2017-01-24 Thread Matt Foley
Hi all,

Casey and I had an interesting chat yesterday, during which we agreed that the 
example code for Outlier Analysis in 
https://github.com/apache/incubator-metron/blob/master/metron-analytics/metron-statistics/README.md
 and the revised example code in 
https://issues.apache.org/jira/browse/METRON-668 (as of 23 January) both do not 
correctly implement the desired Sliding Window model.  This email gives the 
argument for why, and proposes a couple ways to do it right.  Your input and 
preferences are requested.

 

First a couple statements about the STATS object that underlies most 
interesting Profile work:

· The STATS object is a t-digest.  It summarizes a set of data points, 
such as those received during a sampling period, in a way that is nominally 
O(1) regardless of the input number of data points, and preserves the info 
about the “shape” of the statistical distribution of those points.  Not only 
info about averages and standard deviations, but also about medians and 
percentiles (which, btw, is a very different kind of information), is preserved 
and can be calculated correctly to within a given error epsilon.  Since it is a 
summary, however, time information is lost.

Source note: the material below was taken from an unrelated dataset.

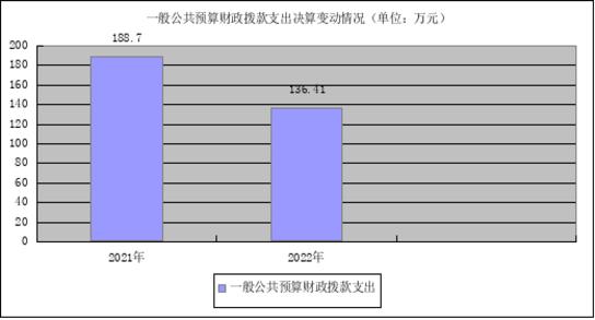 2022年一般公共预算财政拨款支出136.41万元,占本年支出合计的 49.82%。与2021年相比,一般公共预算财政拨款支出减少52.29万元、减少27.71%,减少主要原因财政拨款收入减少,支出相应减少。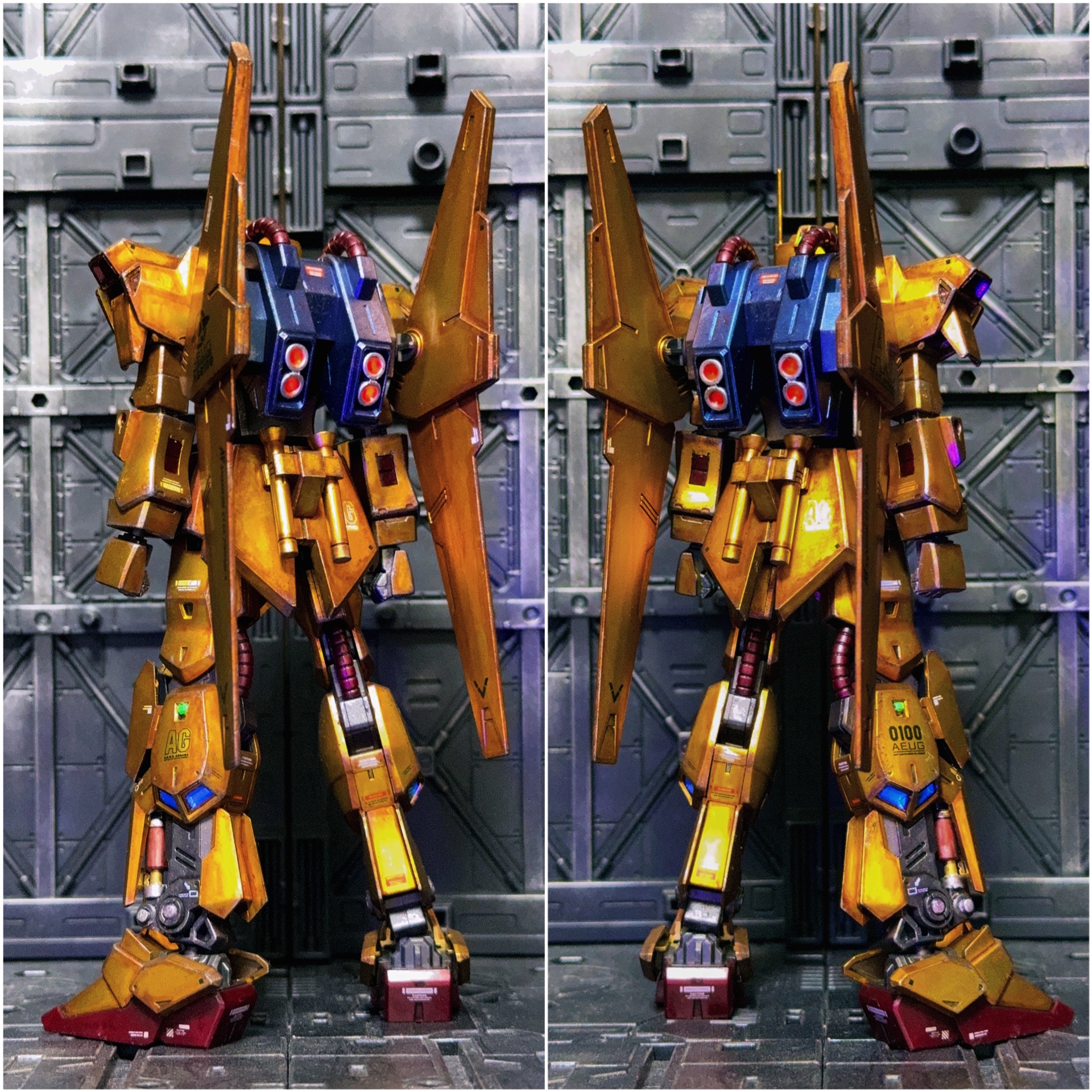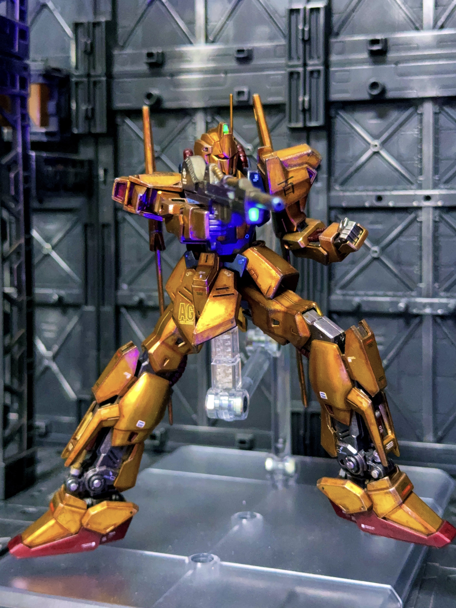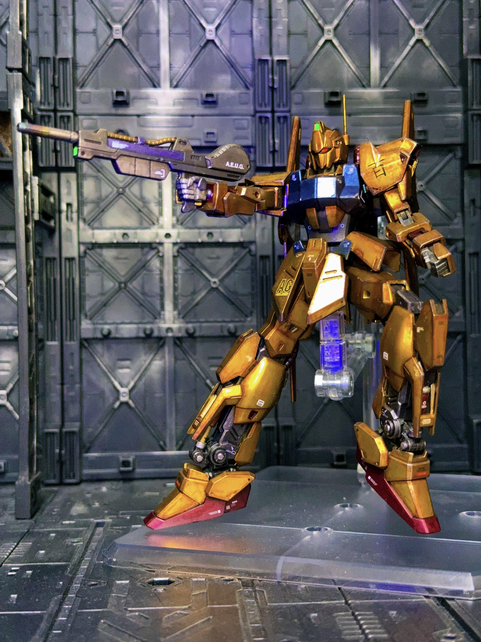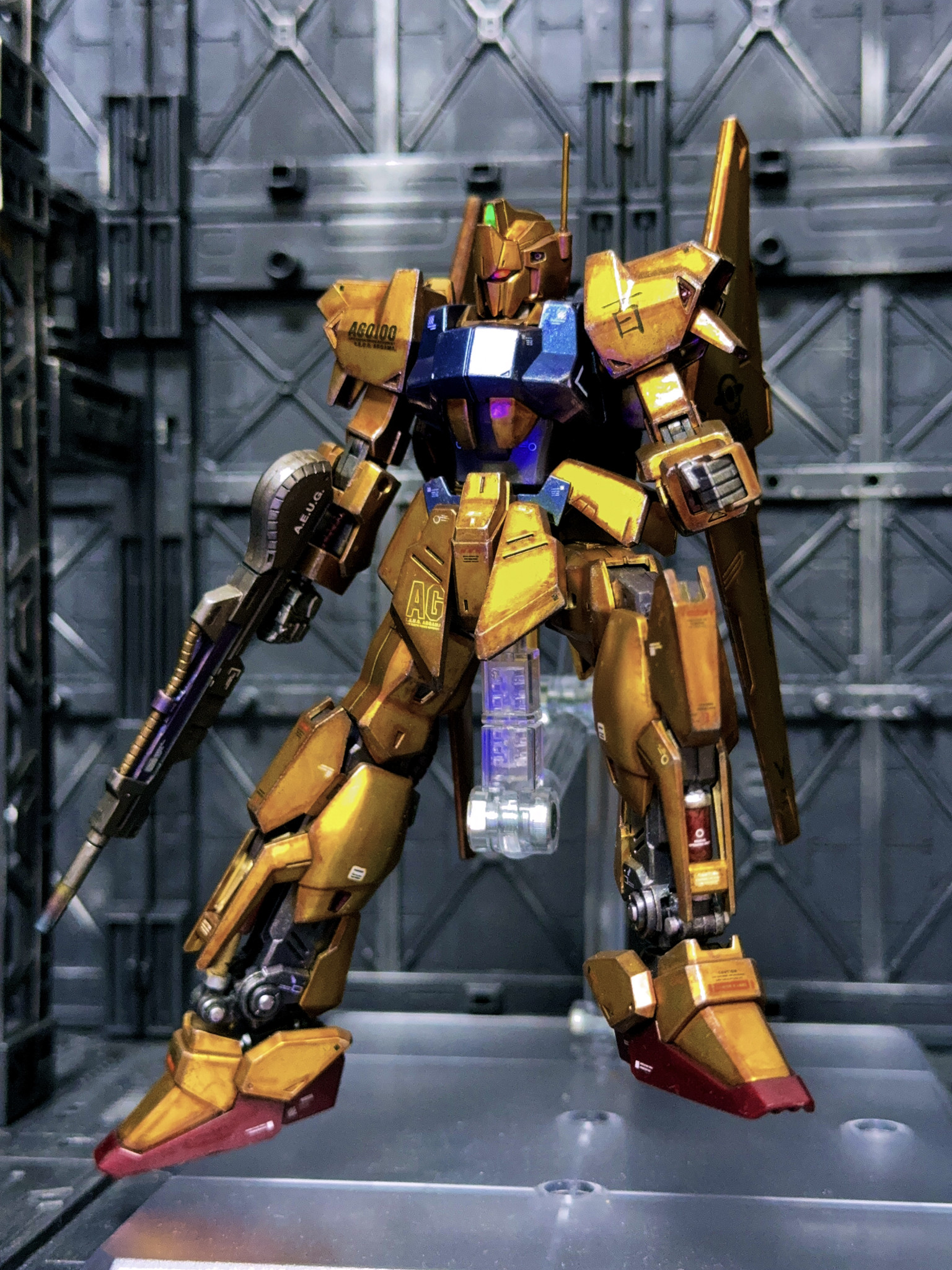 原作で百式は、地球上でも宇宙でもかなり酷使されてるイメージなので、ゴールドの輝きは残しつつ、サビやススをまとったZ終盤のコロニーレーザー決戦前の設定をイメージして仕上げてます。

· STATS objects, these digests of sampling periods, are MERGEABLE, 
meaning if you have a digest from time(1) to time(2), and another digest from 
time(2) to time (3), you can merge them and get a digest that is statistically 
equivalent to a digest from time(1) to time(3) continuously.

· They are sort of idempotent, in that if you take two identical 
digests and merge them, you get almost the same object.  However, the result 
object will be scaled as summarizing twice the number of input data points.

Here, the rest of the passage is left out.